When it comes to pain management, AI is used in many different aspects. Firstly, machine learning analysis of whole brain scans can more accurately identify pain than analysis of individual brain regions. Secondly, AI can estimate the correct opioid dosing and identify patients who may benefit from preoperative consultation with a hospital’s acute pain service. In an attempt to identify more objective biomarkers for pain, researchers used machine learning to analyze electroencephalography signals. They tried to predict patients who would respond to opioid therapy for acute pain, however, the results were not overly promising ― the method showed only 65% accuracy.
Operating room logistics
Difficult terms, methods, and processes aside, sometimes you just need better logistics to have better results. AI analyzes different factors, such as scheduling of operating room time or tracking movements and actions of anesthesiologists, to optimize the operating room logistics. In a study, AI approaches were used to optimize bed use for patients undergoing ophthalmologic surgery. A different study analyzed radio frequency identification tags to determine the location, orientation, and stance of anesthesiologists in the operating room. The researcher used mannequins, however, in the future, similar tracking applications with real patients can be used to better understand how the interaction of anesthesiologists with the various equipment in the room impacts patients safety.
What are the limitations of the use of AI for anesthesiology?
Researchers warn that the hype and the fascination that surrounds AI may result in unrealistic expectations and eventually disenchant clinicians and patients. They remind us that the possibilities of AI are limited and won’t always result in classifications or predictions that are superior to traditional methods. AI, just like any other tool, should be used in the right situation to answer a specific problem.

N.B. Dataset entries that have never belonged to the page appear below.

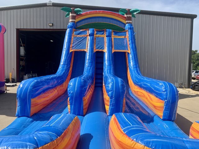 Towering at an impressive **18 feet**, the **Paradise Plunge Water Slide** features two parallel racing lanes, vibrant tropical colors, palm tree accents, and a bold design that instantly transforms any space into an island paradise. Guests climb the secure, easy-to-navigate stairs with sturdy handrails, pause at the top for stunning panoramic views, then launch into an exhilarating race down smooth, high-speed slides. The lanes converge into a spacious, refreshing splash pool at the bottom, delivering safe, cooling fun and plenty of laughter as riders splash and cheer for the winner. Ideal for beating the Alabama heat, this commercial-grade inflatable is built with durable, high-quality materials and thoughtful safety features to ensure smooth, reliable rides for kids, teens, and adults alike.
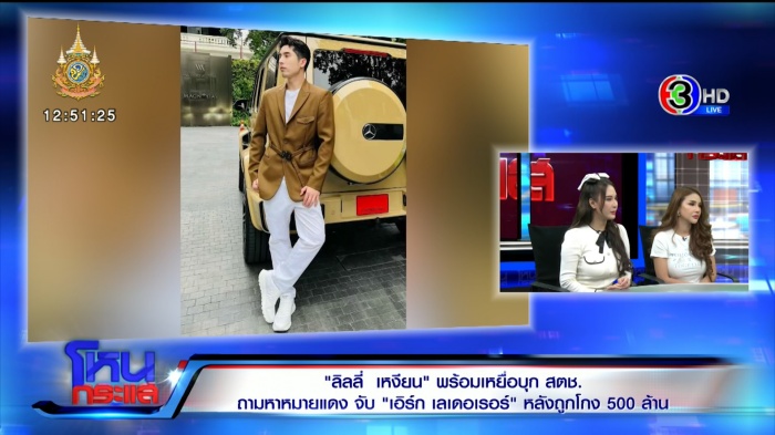 รายการโหนกระแส ออกอากาศวันที่ 2 ส.ค. 67 ดำเนินรายการโดย “หนุ่ม กรรชัย กำเนิดพลอย” ผลิตในนามบริษัท ดีคืนดีวัน จำกัด ออกอากาศทุกวันจันทร์-ศุกร์ เวลา 12.35 น. ทางช่อง 3 กดหมายเลข 33 สัมภาษณ์ผู้เสียหาย ลิลลี่ เหงียน, เดือน, ลูกน้ำ , ปอร์เช่ มาพร้อม อี้ แทนคุณ และ ทนายไพศาล เรืองฤทธิ์
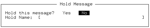 While you are creating a message, press <Esc> and select Quit. You are prompted to hold the message:
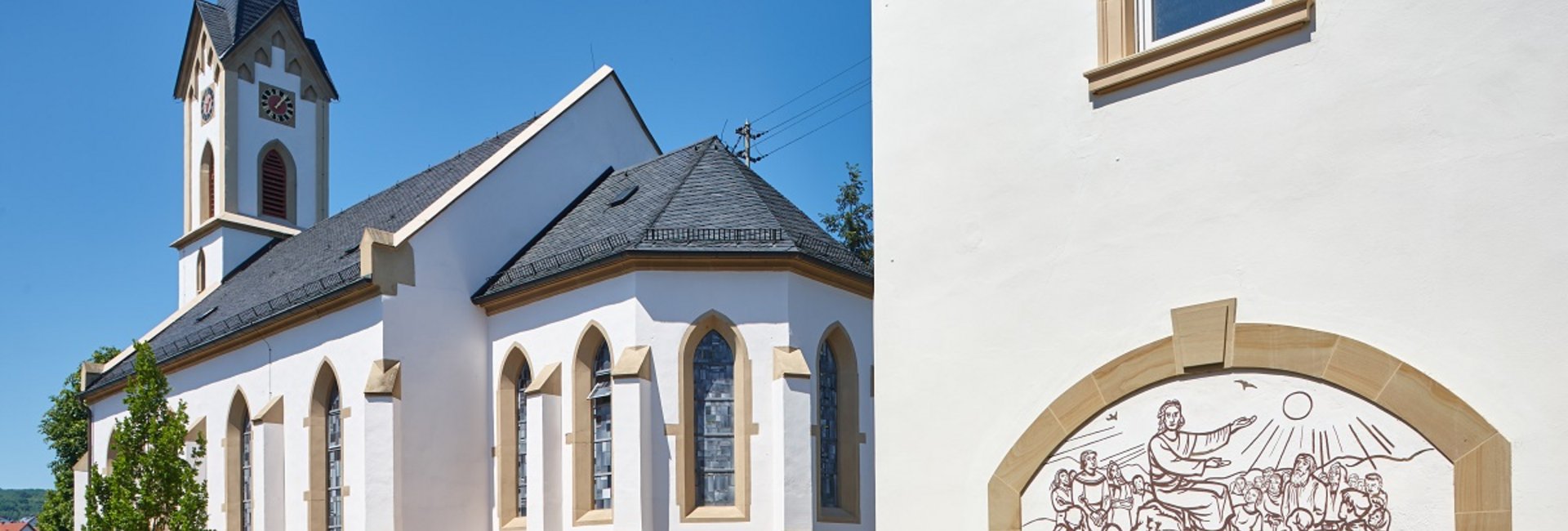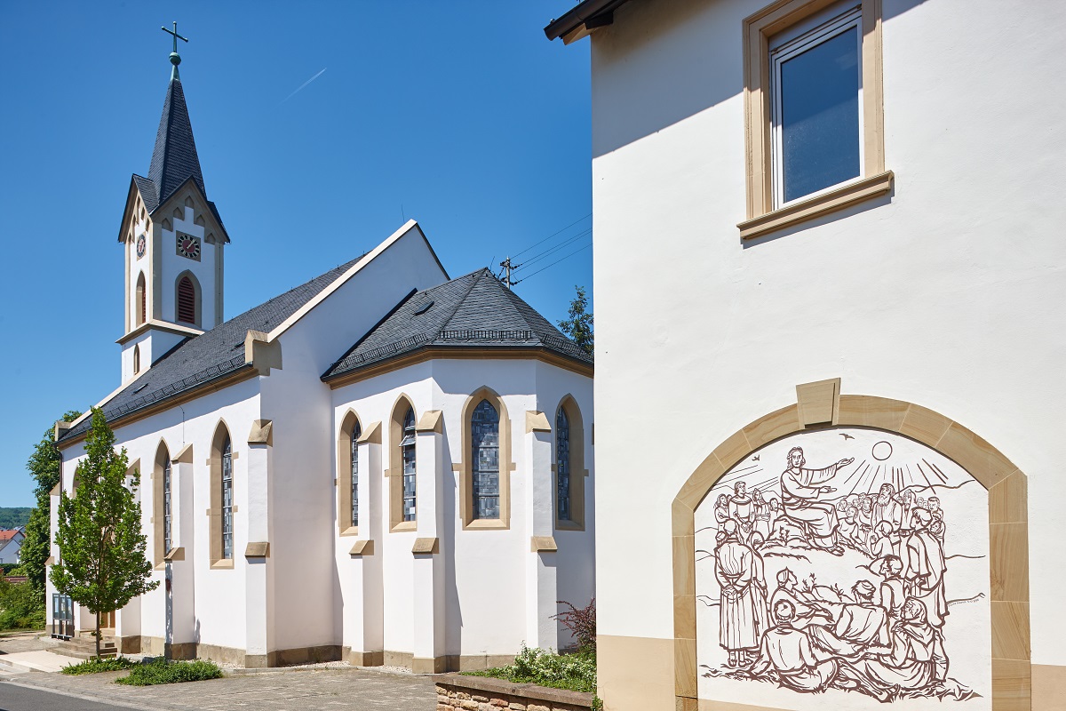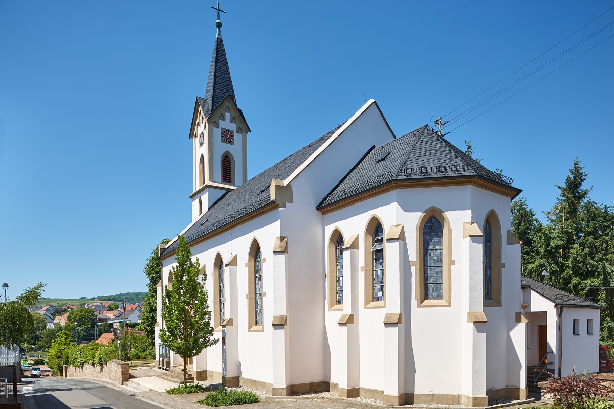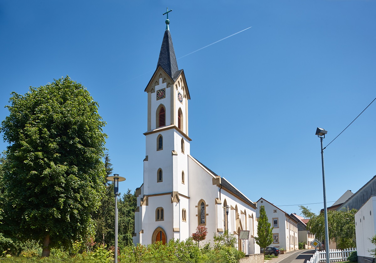 Sie wurde 1868 erbaut und 1883 eingeweiht. Drei Glocken, Orgel mit 16 Registern, etwa 100 Sitzplätze. Die Kirche gehört zur Pfarrei Feilbingert- Heiliger Disibod im Dekanat Donnersberg. Öffnungszeiten: täglich von 8 bis 18 Uhr.

Another common criticism is that AI methods can often lack transparency, resulting in “black box” results: an algorithm can make a prediction but cannot explain why such a prediction was made. Clinicians and researchers expect more transparency from this technology in the future.

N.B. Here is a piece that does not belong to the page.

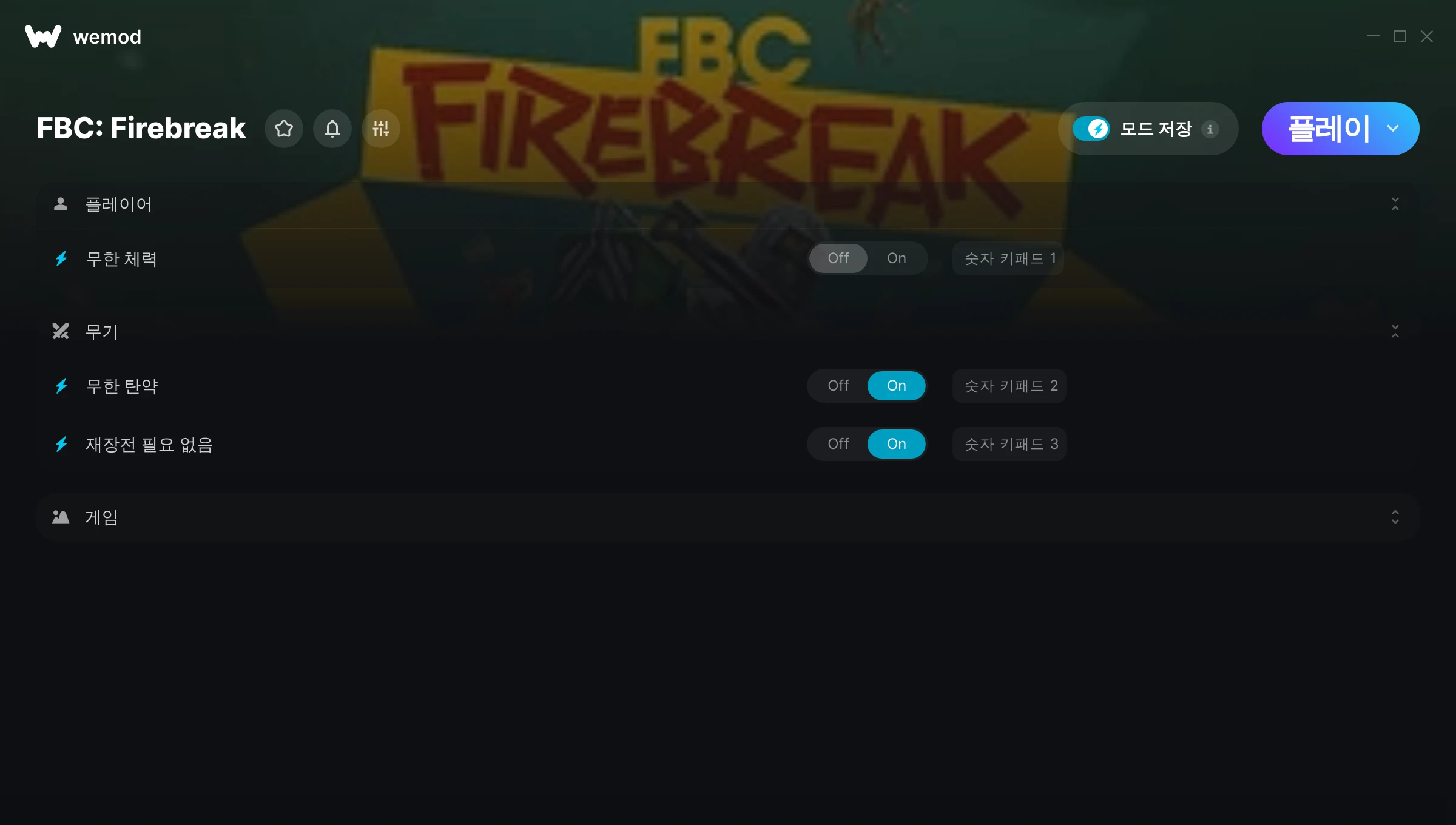 85MB Windows ...또는 PC에서 WeMod를 방문해 앱을 다운로드할 수도 있습니다 무한 체력 받기, 무한 탄약 & 2개의 다른 모드 for FBC: Firebreak with WeMod

Another issue is that while AI methods demonstrate correlations and identifying patterns easily, they cannot yet determine causal relationships. The good old “correlation does not mean causation” rule that every scientist keeps in mind 24/7 is applicable to artificial intelligence as well.

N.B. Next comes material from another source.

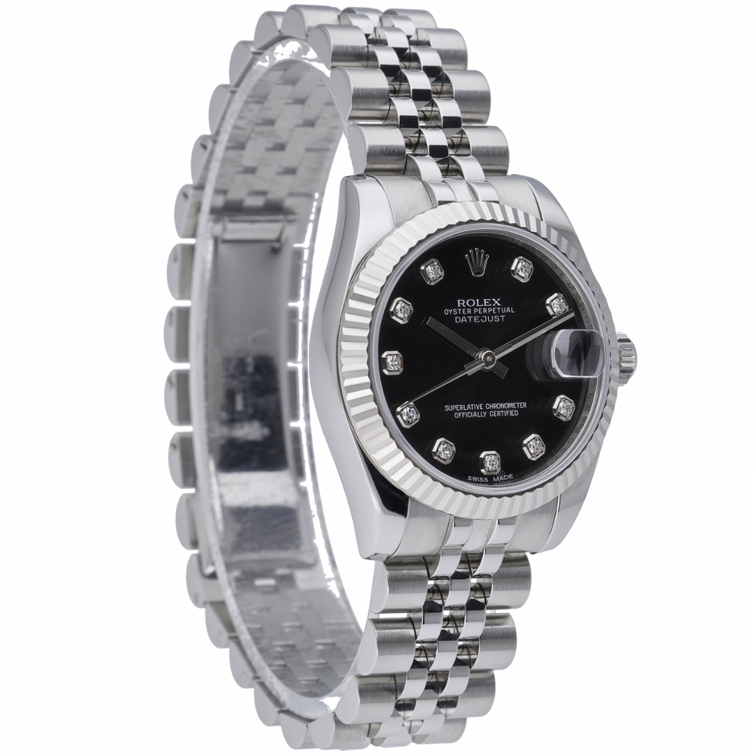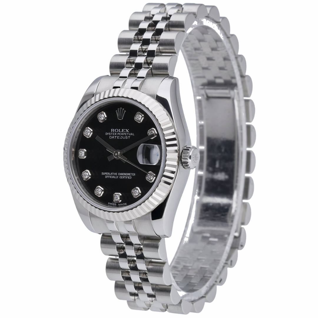 A Rolex Datejust 178274 in stainless steel, featuring a black dial set with original Rolex diamond hour markers and a fluted white gold bezel. The 31mm Oyster case offers elegant, balanced proportions, ideal for those seeking a refined yet versatile wrist presence. The deep black dial provides striking contrast against the diamond-set numerals, while the date display at 3 o’clock beneath the Cyclops lens maintains the collection’s unmistakable identity.
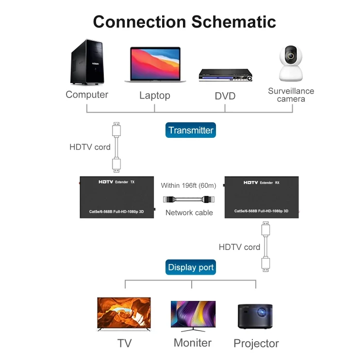 2. 196 ft (60 m) Long-Distance Transmission: Supports lossless transmission up to 196 ft (60 m), ideal for large space installations.

Finally, just like humans, artificial intelligence algorithms are prone to biases. The healthcare system is full of implicit and explicit biases that can impact the large-scale big data implementation. All of them can affect the types of predictions that Al makes based on this data.
Many AI applications for anesthesiology are now being tested in clinical settings. We are yet to find more about how they work, and which limitations and benefits they have. Just as the AI technologies themselves, we’ll learn more the more data will become available. Even more AI technologies are still being developed and even more big data implementations are happening. As of the moment, many AI software developments show significant improvements over existing methods, so we are looking forward to future results with great hope and excitement.